Economic policy: Bundesbank President: Right-wing extremism threatens prosperity

Economic policy
Bundesbank President: Right-wing extremism threatens prosperity

Joachim Nagel is President of the Bundesbank and warns against right-wing extremists. photo

© Andreas Arnold/dpa

The Bundesbank President emphasizes the strength of the German economy. But he also points to a threat: right-wing extremism. How he justifies his assumption.

Bundesbank President Joachim Nagel sees the emerging Right-wing extremism as a threat to prosperity in Germany. “I appeal to everyone not to take the danger of right-wing extremism lightly,” Nagel told the newspapers of the Funke media group.

“Right-wing extremists also scare away investors and skilled workers from abroad. This threatens our prosperity,” warned Nagel. As a citizen, he is very concerned about this development. “That’s why I recently took part in a pro-democracy rally in Frankfurt for the first time in my life.”

“We are not the sick man of Europe”

At the same time, Nagel appealed to the business associations not to badmouth the economic situation in Germany. He doesn’t want to downplay the enormous challenges. “But we shouldn’t make the situation worse than it actually is. Otherwise no one will come to Germany and invest. We are not the sick man of Europe,” emphasized Nagel.

He is also not satisfied if the economy just stalls this year.

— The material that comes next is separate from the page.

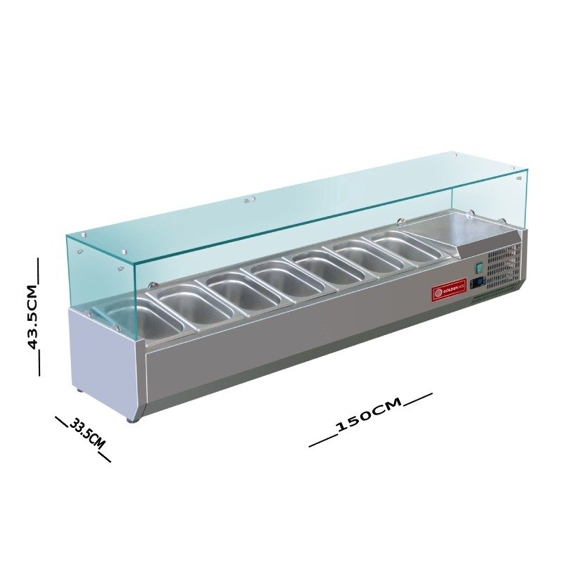 نظرًا لأهمية ثلاجات السلطات في المطاعم والكافيهات وفرنا لكم من خلال جولدن آيس أفضل ثلاجة عرض سلطات يمكن الاستعانة بها، تساع لـ 7 أطباق بحجم مميز لاستيعاب أكبر قدر ممكن من السلطات التي يمكن الحاجة إليها خلال اليوم في المطعم.

However, Germany comes from a special situation because its large, open economy was particularly badly affected by the Russian war of aggression against Ukraine. At the same time, reference was made to the stable labor market. “Germany has almost full employment,” the Bundesbank President made clear.

However, Nagel called for more ambition in tax cuts and reducing bureaucracy. The Growth Opportunities Act contains lower tax relief than originally planned, but it is now important to actually implement it. The Federal Council allowed the slimmed-down law to pass. The relief volume in the Mediation Committee of the Bundestag and Bundesrat had previously been reduced from the previously planned 7 billion euros to 3.2 billion euros per year.